Even though our program slot was for 10:30 on Saturday morning right after the show opened, the lecture room was full with mostly Mainers but also visitors “from away” as they say in Maine — New Hampshire, Connecticut, Vermont, New York and a few Canadians from New Brunswick. We thought that our “Roses for New England” program with an emphasis on cold-climate rose gardening would hit the spot and it did. The show provided a generous two-hour time slot for each program which allowed for plenty of Q and A after the PowerPoint presentation was complete. This is often the best part of  lecture and where we connect with our audience.

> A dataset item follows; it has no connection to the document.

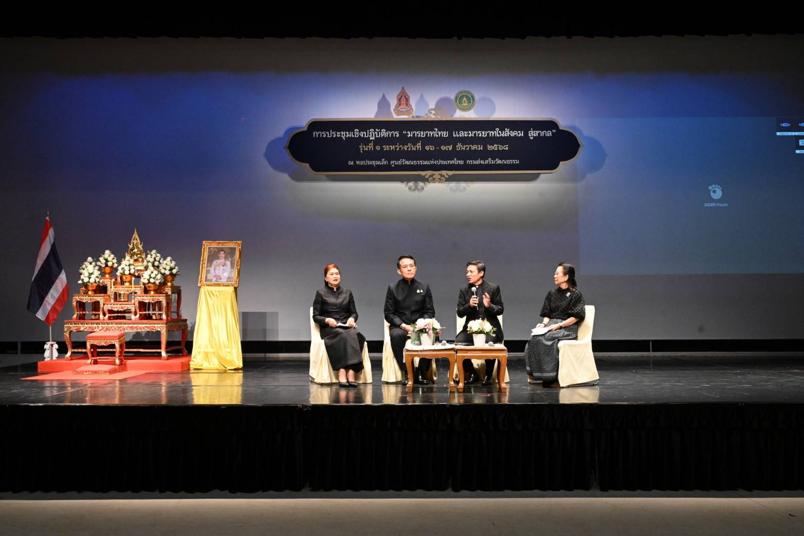 นายบันเทิง เพียรค้า ผู้อำนวยการกลุ่มค่านิยมและความเป็นไทย รักษาราชการแทนผู้อำนวยการสถาบันวัฒนธรรมศึกษา กล่าวว่า การประชุมเชิงปฏิบัติการ “มารยาทไทย และมารยาทในสังคม สู่สากล” มีวัตถุประสงค์เพื่อพัฒนาศักยภาพของครู อาจารย์ บุคลากรทางการศึกษาและข้าราชการของกรมส่งเสริมวัฒนธรรม ให้มีความรู้ความเข้าใจในการเป็นวิทยากรด้านมารยาทไทยมารยาทในสังคม แนวปฏิบัติอันเกี่ยวเนื่องกับงานพระบรมศพ การถวายสักการะพระบรมศพสมเด็จพระนางเจ้าสิริกิติ์ พระบรมราชินีนาถ พระบรมราชชนนีพันปีหลวง และการจัดโต๊ะหมู่บูชา รวมทั้งการเข้าร่วมกิจกรรม “ริบบิ้น ร้อยดวงใจถวายความอาลัยพระพันปีหลวง” ภายใต้โครงการหนึ่งความดี ล้านความรัก ภูมิใจภักดิ์พระพันปีหลวง โดยในปีงบประมาณพุทธศักราช 2569 กำหนดจัดการประชุมเชิงปฏิบัติการ“มารยาทไทย และมารยาทในสังคม สู่สากล” จำนวน ๔ รุ่น โดยครั้งนี้เป็นการประชุมเชิงปฏิบัติการฯ รุ่นที่ 1 จัดขึ้นระหว่างวันที่ 16- 17ธันวาคม พ.ศ.2568

The flower show was staged at Thompson’s Point along the Portland waterfront. Unlike the slick convention facilities at other big New England cities, Thompson’s Point was a large older wooden structure that was transformed for four days into an oasis of spring amidst an otherwise wintry month of March in Maine. A big, heated tent connecting to the main building accommodated the overflow of vendors. The venue was rustic and absolutely perfect. Very Maine.

After our program, we walked the show and chatted with vendors and exhibitors.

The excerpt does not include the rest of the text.